Незнакомец сотворил рукой какой-то знак, а затем взял ключ и отпер двери храма, слегка приоткрыв левую створку так, что в нее с трудом мог протиснуться человек. Он жестом велел мне войти, но сам за мной не последовал. Мне показалось, что он остался стоять в дверях, глядя мне вслед, но я так ни разу и не оглянулся.

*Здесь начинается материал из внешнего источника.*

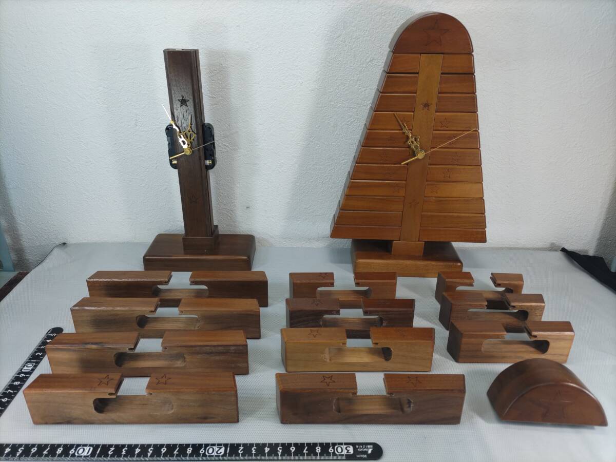 > ■送料無料!■まとめて■ツリー型木製置時計・H31cm■ブロック型■WOOD CRAFT■家具・木工の町、旭川発・特別製作品■2点セット!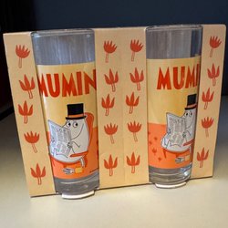 Mumin samlarglas från Max, 2 st i förpackning. H13,5 cm Ø 6 cm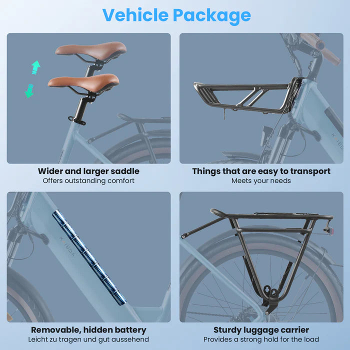 Why limit yourself to bland, ordinary bike rides? The Kestar K601 is available in two color options. Designed for urban commuting riding. The classic low-span frame and removable battery make the K601 look simple and practical. The body weight is only about 27.7KG, allowing you to better control and enjoy the fun of riding. The lightweight, smooth and aerodynamic K601 E-bike will help you cover the longest distances.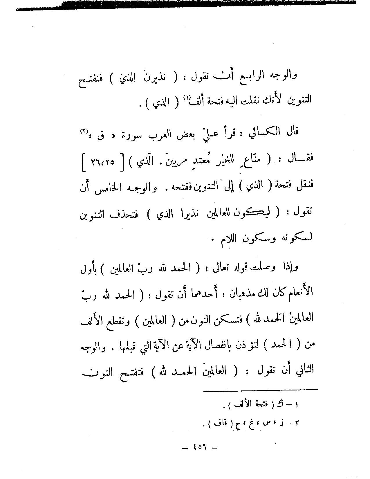 قال الكسائي: قرأ علي بعض العرب سورة «ق» فقال: {مناع للخير معتد مريبن. الذي} [25، 26] فنقل فتحة (الذي) على التنوين ففتحه. والوجه الخامس أن تقول: (ليكون للعالمين نذيرا الذي) فتحذف التنوين لسكونه وسكون اللام.

Вначале мне, ослепшему в кромешном мраке, показалось, что я очутился в необъятной пещере, невероятно тихой, навевающей какое-то умиротворение, и я даже решил, что из ее глубин медленно восходит ласковое солнце. Но это оказалось простой игрой света. Когда мои глаза привыкли к темноте, я различил круглое отверстие в куполе храма, а под ним – слегка склоненную массивную голову бога и сгорбленные плечи, сплошь покрытые спящими птицами. За статуей располагались бронзовые ставни, которые вскоре должны были открыться, чтобы выпустить птиц наружу. Но пока птицы сидели на Бель-Кемаде, заменяя ему одеяние, – они облепили его мраморные плечи, колени, сгрудились у ног…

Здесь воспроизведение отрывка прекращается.